Note that the previous Atom solution required two chips: the N570 and its NM10 Express PCH. The N570 had a 2.1W TDP and was used for all IO, while the N570 and its two Atom cores needed about 8.5W. The combination was fine for a notebook but when Haswell can deliver much better performance within the same TDP, it's clear the old 45nm CPU + chipset were getting long in the tooth.

The far simplified, single-chip Samsung Exynos 5 Dual solution

Despite the absence of any significant heatsink, to remove 10.6W of heat you do need forced air convection hence the inclusion of a fan in the old Chromebook 500. The thermal requirements of the Exynos 5 Dual are significantly lower. The SoC benefits from Samsung's 32nm HK+MG LP process and is highly integrated, meaning there's only a single chip. Although there's a big heatspreader plate complete with heatpipe that runs over the Exynos 5, there's no fan needed. Removing the fan lowers build cost, reduces internal complexity, and helped Samsung shrink the chassis size.

There are a total of 8 x 256MB DDR3L devices (2GB total) that surround the Exynos 5 Dual SoC (4 on each side of the PCB). Each device is 8-bits wide, all connecting up to the 64-bit wide DDR3L memory controller. The DRAM is clocked at a 1600MHz data rate, resulting in 12.8GB/s of memory bandwidth to the chip. The Exynos 5 Dual integrates two ARM Cortex A15 CPU cores as well as an ARM Mali-T604 GPU. 

The other big change on the motherboard is the move from a SanDisk discrete controller + NAND device to an integrated iNAND solution for storage. Capacity remains unchanged at 16GB, but the integrated eMMC controller does offer board (and perhaps cost) savings.

Moving to a lower power SoC not only gave Samsung some flexiblity in cooling, it also allowed it to run the platform with a much smaller battery. While the old Chromebook 500 used a massive 61Wh battery, the new model only needs a 30Wh unit. Battery life has gone down (Exynos 5 Dual isn't 2x more power efficient than the 45nm Atom N570) but so has weight as well. I believe the Chromebook 550 ditched the giant battery and moved to a ~40Wh unit, so the difference isn't as drastic there.

Display Quality

The new Chromebook's display is still a fairly mediocre TN panel, but for anyone used to the majority of low cost PC notebooks over the past few years it's really not any different. The 16:9 display measures 11.6 inches along the diagonal with a 1366 x 768 resolution.

Viewing angles are pretty bad. Max brightness tops out at 233 nits, although contrast ratio is better than a lot of low cost notebooks. The low max brightness means that outdoor use will be an issue, generally speaking for really bright sunlight you'll need something closer to 500 nits to be usable.
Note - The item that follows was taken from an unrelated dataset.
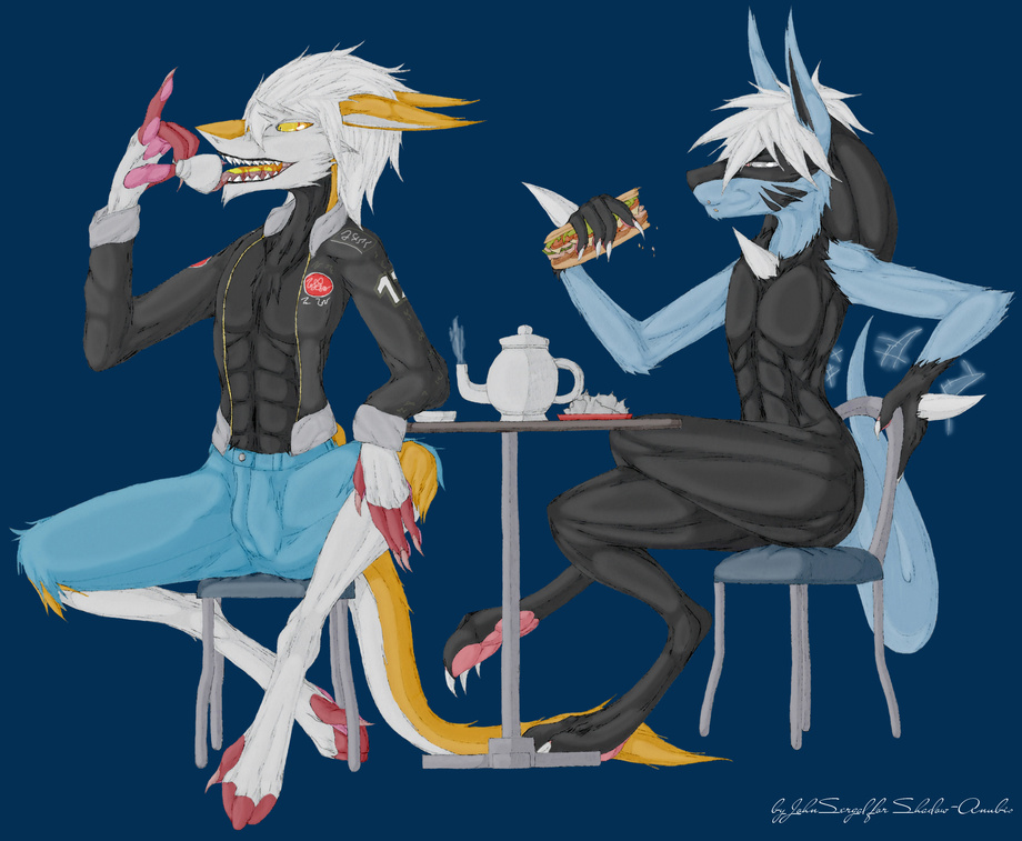 Gift for a friend http://www.furaffinity.net/user/shadow-anubis/ Easy meeting with Anubis, in the cafe. John drinks green tea, and Anubis his big breath-taking delicious sandwich. For some reason he is naked and staring at John, his tail indicates Interesting thought.

Given the price tag however, the Chromebook's display is passable. What's more bothersome is that PC makers were fine shipping this quality of a display in systems that were 2x the price of the new Chromebook.

Keyboard & Trackpad

The new Chromebook retains the chicklet keyboard that its predecessors introduced. Key feel is a little mushier than I would like but overall the keyboard is pretty good. There's obviously no backlight, which again is a concession Samsung had to make to hit the Chromebook's aggressive price point.

As this is a Chrome OS device there's no Windows/Apple key alternative, just oversized control/alt keys which I really do appreciate.

Chrome OS' keyboard shortcuts do mimic those of OS X. Ctrl + W will close a Chrome tab/window, and more universally ctrl + L will shift focus to the omnibar. There's a row of shortcut keys at the top of the keyboard. Shortcuts include brightness and volume controls, page forward/back and refresh keys, as well as dedicated keys for maximizing the current window and switching between windows (although alt+tab still works for that as well). There's no capslock key, but a dedicated search key in its place. Perhaps Google doesn't want Chromebook users to contribute to overly capitalized YouTube comments.

None of these aspects of the keyboard are new, they've been around since the first Chromebook. There are no dedicated page up/down, home or end keys unfortunately (although alt + up/down will work as a page up/down replacement).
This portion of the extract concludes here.